Directions for this task
Skip the pictures. Output only the lines below starting at the line with "В набор входят" and ending at the line with "Praktický a elegantní", both ends included, exactly as they are.
Provided data section start
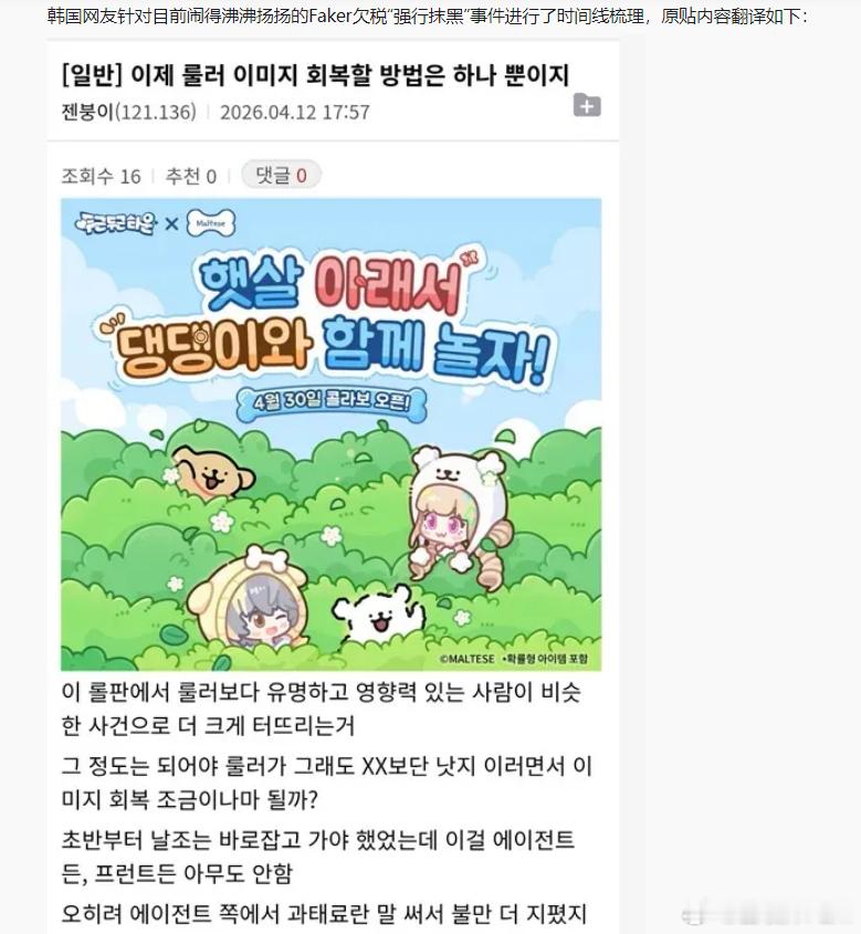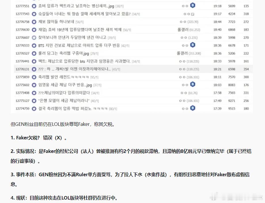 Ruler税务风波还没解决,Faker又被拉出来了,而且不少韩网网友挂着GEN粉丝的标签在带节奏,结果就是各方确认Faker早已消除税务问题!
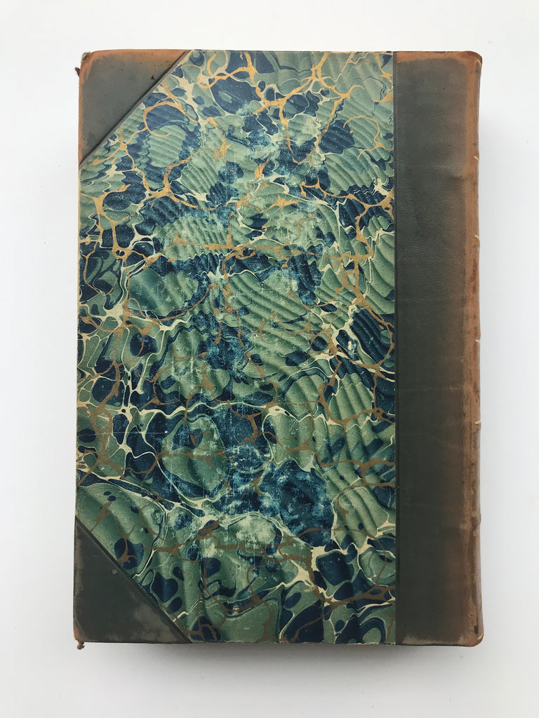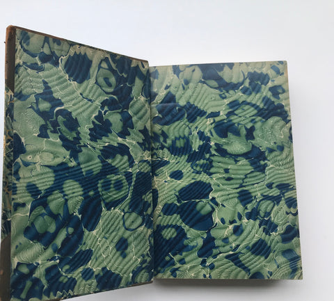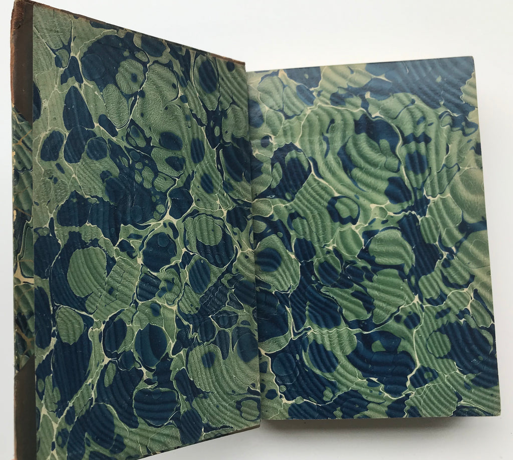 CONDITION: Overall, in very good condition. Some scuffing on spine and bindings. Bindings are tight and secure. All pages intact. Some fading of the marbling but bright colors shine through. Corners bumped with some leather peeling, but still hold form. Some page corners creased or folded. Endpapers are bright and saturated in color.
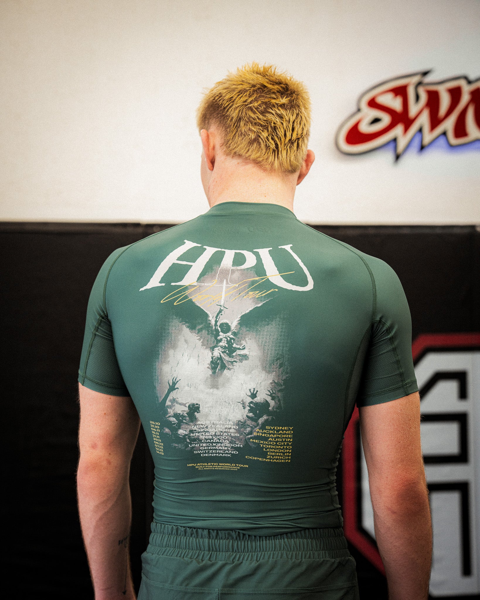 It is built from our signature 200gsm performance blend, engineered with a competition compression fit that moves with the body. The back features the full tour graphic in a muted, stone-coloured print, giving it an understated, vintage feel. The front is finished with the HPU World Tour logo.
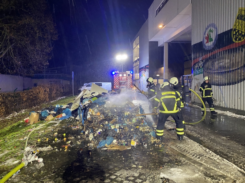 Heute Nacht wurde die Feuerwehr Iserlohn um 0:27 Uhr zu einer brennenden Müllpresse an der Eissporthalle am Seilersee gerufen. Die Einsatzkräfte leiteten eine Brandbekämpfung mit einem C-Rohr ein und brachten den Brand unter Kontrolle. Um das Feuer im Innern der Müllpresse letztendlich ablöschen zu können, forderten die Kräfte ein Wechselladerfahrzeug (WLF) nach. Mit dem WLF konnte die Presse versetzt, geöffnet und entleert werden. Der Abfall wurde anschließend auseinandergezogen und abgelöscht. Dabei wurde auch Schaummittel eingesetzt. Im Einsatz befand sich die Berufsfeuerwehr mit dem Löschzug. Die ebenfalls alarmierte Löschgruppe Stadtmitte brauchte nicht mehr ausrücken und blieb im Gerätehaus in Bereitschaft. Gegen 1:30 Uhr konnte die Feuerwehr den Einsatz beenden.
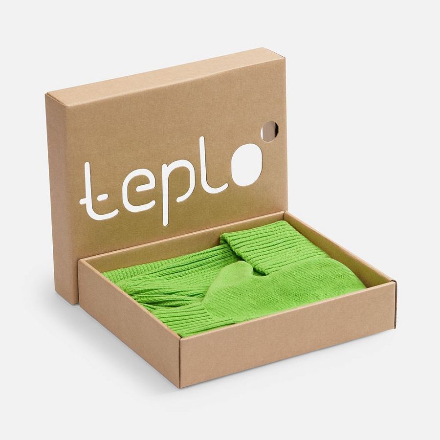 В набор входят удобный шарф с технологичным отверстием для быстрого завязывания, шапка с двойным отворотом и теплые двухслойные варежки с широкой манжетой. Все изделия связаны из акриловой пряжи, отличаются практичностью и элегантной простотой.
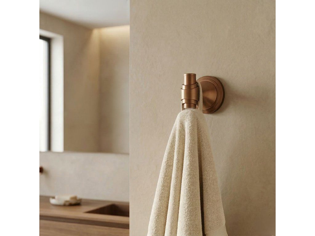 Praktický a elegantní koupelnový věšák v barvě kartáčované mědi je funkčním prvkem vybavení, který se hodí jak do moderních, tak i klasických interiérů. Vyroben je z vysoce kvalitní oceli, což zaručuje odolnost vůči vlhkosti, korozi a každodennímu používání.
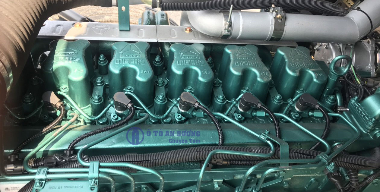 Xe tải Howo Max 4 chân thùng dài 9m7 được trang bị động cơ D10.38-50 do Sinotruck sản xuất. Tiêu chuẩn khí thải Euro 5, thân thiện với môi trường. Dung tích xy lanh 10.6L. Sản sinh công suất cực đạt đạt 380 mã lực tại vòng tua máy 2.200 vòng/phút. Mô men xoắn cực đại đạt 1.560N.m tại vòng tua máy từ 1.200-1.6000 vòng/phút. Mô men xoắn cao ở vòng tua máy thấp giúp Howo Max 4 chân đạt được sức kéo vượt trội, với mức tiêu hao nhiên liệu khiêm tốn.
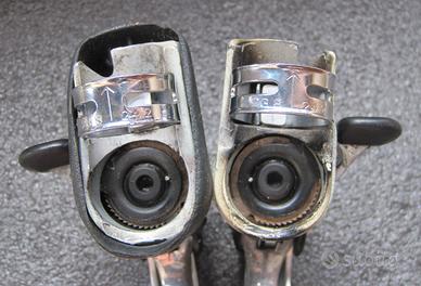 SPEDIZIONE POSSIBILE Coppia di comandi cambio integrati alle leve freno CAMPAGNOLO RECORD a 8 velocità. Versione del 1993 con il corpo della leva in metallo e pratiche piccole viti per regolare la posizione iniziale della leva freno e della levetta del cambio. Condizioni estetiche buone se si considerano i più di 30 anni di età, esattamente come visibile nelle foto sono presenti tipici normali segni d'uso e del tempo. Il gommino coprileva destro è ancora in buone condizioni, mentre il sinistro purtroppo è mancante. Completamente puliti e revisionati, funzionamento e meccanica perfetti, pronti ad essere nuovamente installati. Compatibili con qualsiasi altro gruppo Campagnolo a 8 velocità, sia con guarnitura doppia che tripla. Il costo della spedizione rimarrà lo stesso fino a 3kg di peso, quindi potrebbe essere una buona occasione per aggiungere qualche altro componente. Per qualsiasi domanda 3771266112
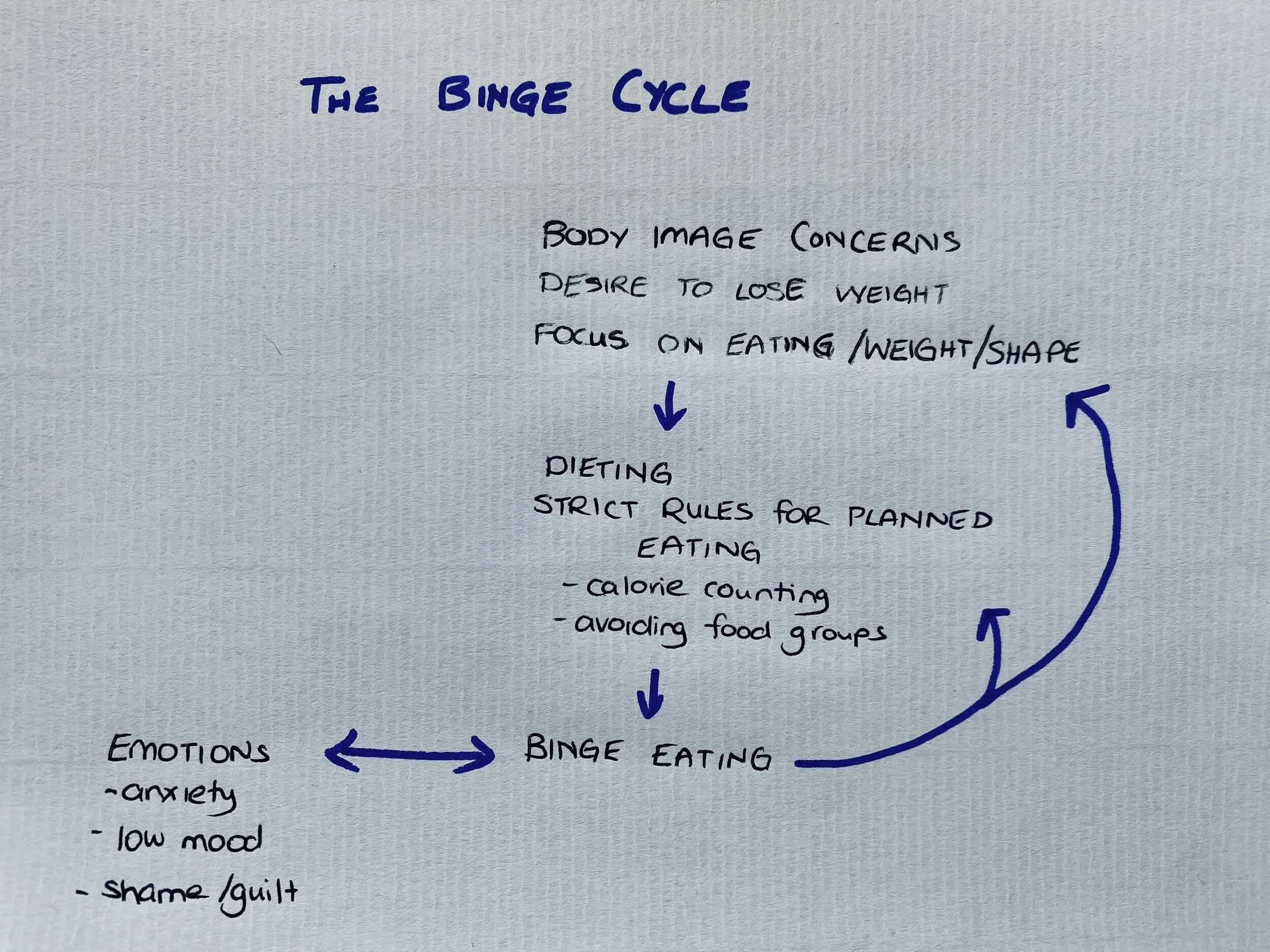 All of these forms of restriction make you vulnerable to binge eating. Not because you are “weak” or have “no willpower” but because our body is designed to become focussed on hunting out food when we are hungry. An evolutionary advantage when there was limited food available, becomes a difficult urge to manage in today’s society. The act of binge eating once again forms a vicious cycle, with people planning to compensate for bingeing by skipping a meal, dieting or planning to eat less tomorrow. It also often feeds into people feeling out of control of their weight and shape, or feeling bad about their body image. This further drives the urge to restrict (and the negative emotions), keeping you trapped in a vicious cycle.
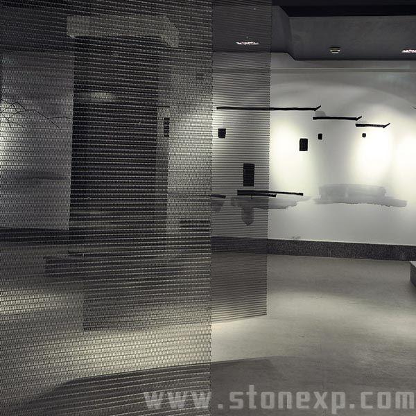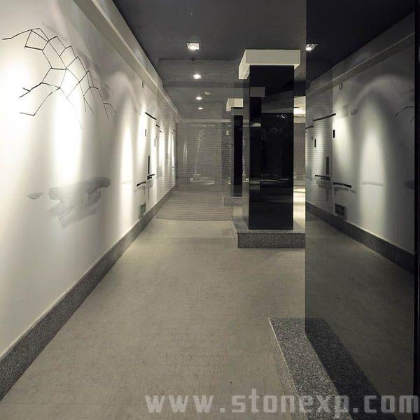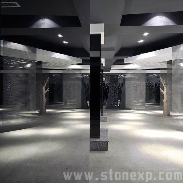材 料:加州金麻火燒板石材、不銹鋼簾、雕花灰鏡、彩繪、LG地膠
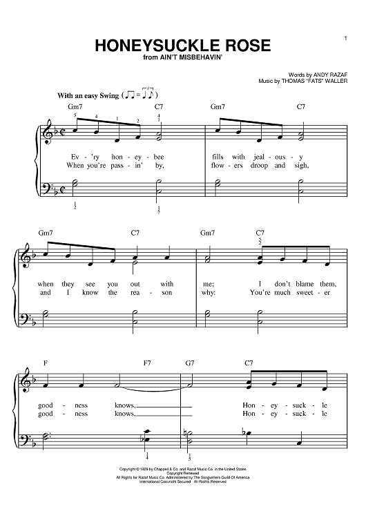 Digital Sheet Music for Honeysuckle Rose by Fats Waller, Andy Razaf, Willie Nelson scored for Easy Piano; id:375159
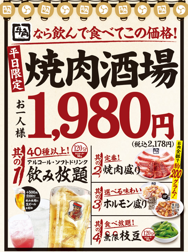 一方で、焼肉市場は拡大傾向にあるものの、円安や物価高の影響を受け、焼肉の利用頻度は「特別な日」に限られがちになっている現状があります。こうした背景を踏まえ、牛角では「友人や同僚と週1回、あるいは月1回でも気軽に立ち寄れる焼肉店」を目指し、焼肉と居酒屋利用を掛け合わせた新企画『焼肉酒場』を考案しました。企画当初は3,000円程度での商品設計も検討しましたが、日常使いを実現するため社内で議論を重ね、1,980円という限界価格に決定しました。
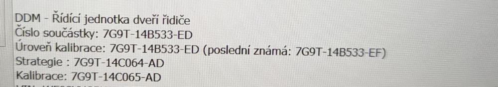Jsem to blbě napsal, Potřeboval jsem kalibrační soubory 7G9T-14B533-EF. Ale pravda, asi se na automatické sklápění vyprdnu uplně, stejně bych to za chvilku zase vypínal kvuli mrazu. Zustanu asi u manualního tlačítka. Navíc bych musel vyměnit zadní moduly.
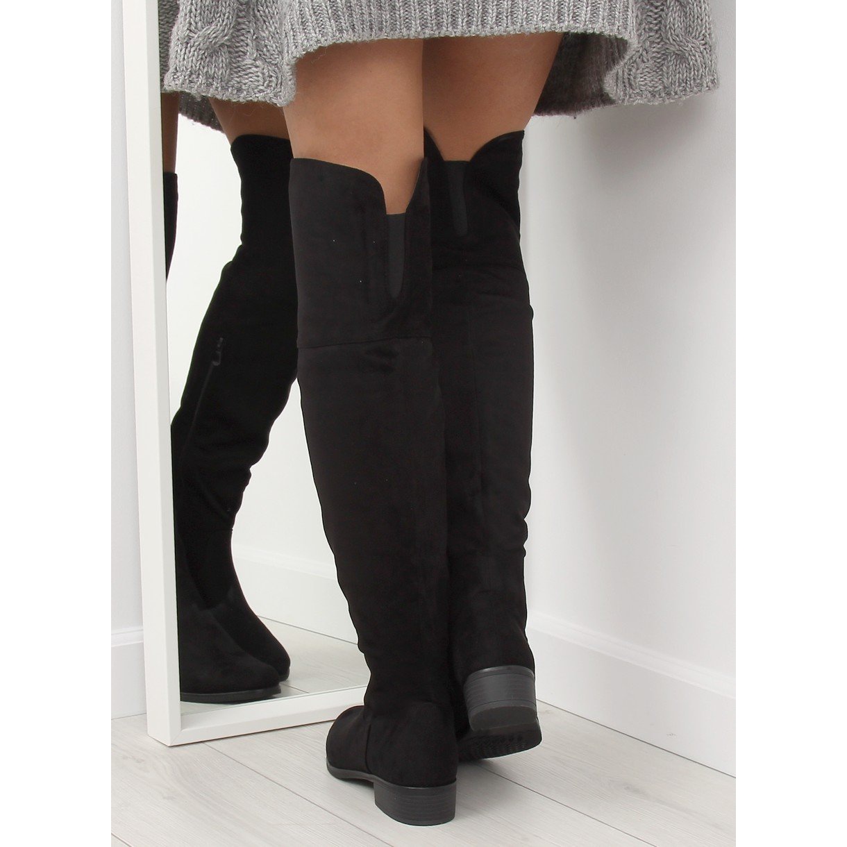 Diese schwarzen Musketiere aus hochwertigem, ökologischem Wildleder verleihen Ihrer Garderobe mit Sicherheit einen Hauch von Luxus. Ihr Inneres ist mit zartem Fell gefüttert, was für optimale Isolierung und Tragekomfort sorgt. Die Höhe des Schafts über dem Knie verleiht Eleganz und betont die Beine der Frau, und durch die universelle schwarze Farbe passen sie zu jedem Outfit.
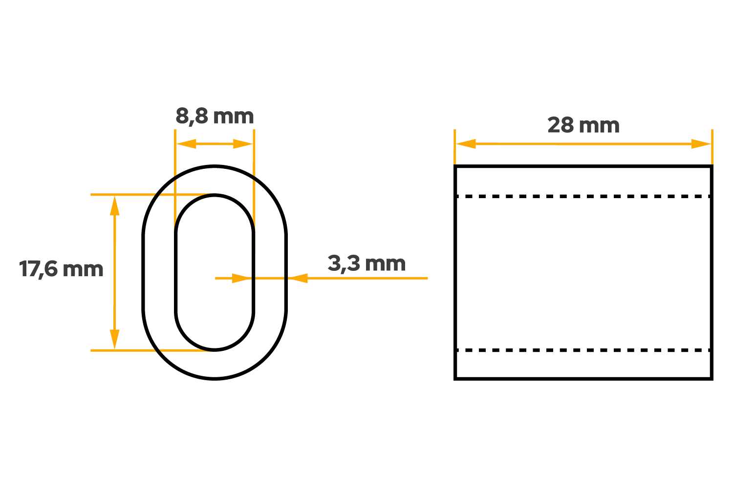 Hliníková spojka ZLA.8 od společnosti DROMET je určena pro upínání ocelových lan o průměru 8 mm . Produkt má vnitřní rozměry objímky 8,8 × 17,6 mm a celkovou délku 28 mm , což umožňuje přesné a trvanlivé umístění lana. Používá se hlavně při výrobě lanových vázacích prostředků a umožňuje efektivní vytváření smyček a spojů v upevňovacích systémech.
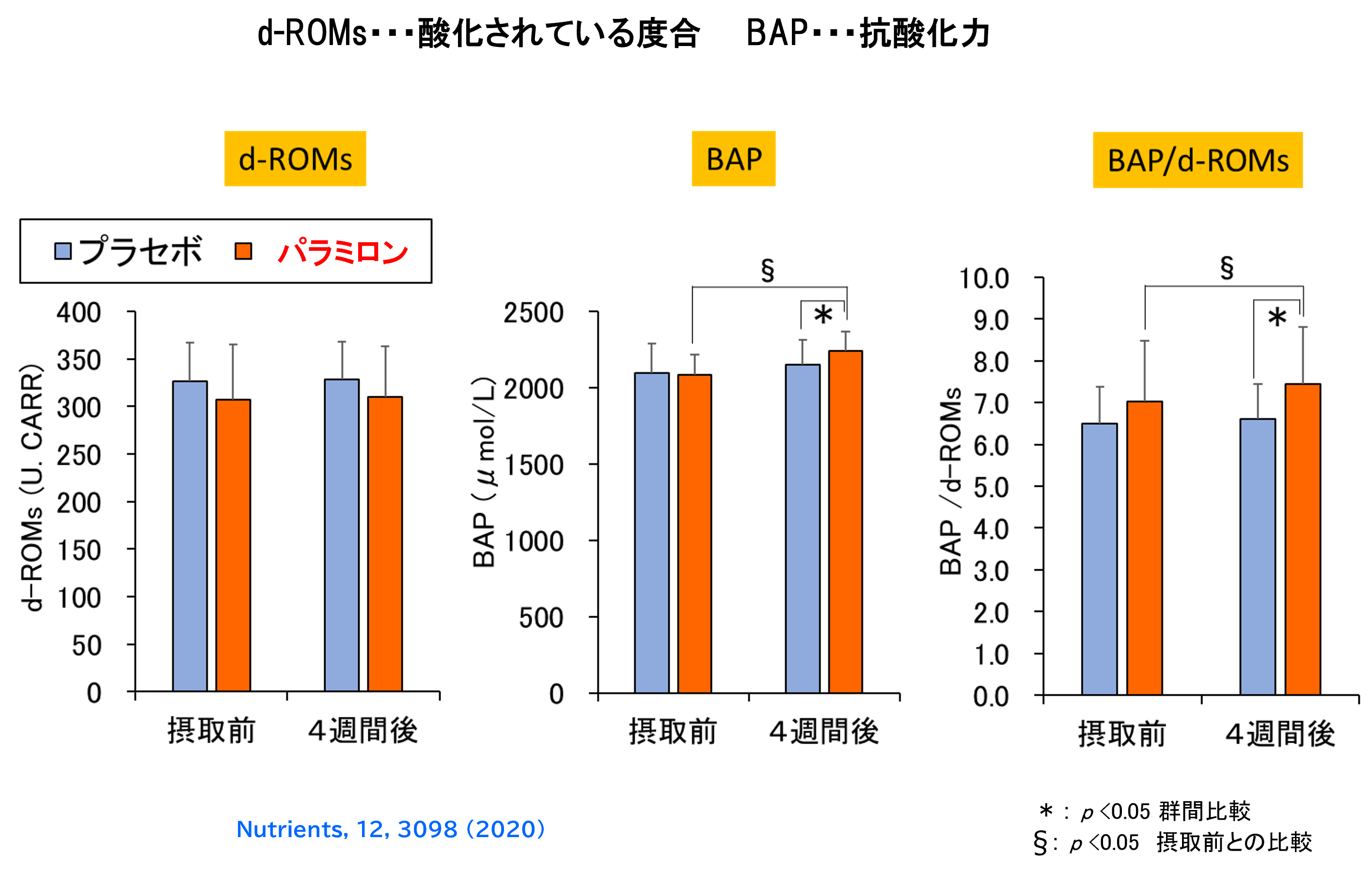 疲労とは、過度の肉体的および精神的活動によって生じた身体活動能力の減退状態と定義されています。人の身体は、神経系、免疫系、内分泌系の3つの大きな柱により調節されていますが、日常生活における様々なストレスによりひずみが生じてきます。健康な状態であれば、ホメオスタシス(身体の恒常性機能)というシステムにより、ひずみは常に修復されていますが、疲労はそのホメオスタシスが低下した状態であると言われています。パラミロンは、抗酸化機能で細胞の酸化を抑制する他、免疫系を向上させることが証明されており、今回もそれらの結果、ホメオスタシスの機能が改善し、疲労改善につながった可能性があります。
Provided data section end
Task output
 В набор входят удобный шарф с технологичным отверстием для быстрого завязывания, шапка с двойным отворотом и теплые двухслойные варежки с широкой манжетой. Все изделия связаны из акриловой пряжи, отличаются практичностью и элегантной простотой.
 Praktický a elegantní koupelnový věšák v barvě kartáčované mědi je funkčním prvkem vybavení, který se hodí jak do moderních, tak i klasických interiérů. Vyroben je z vysoce kvalitní oceli, což zaručuje odolnost vůči vlhkosti, korozi a každodennímu používání.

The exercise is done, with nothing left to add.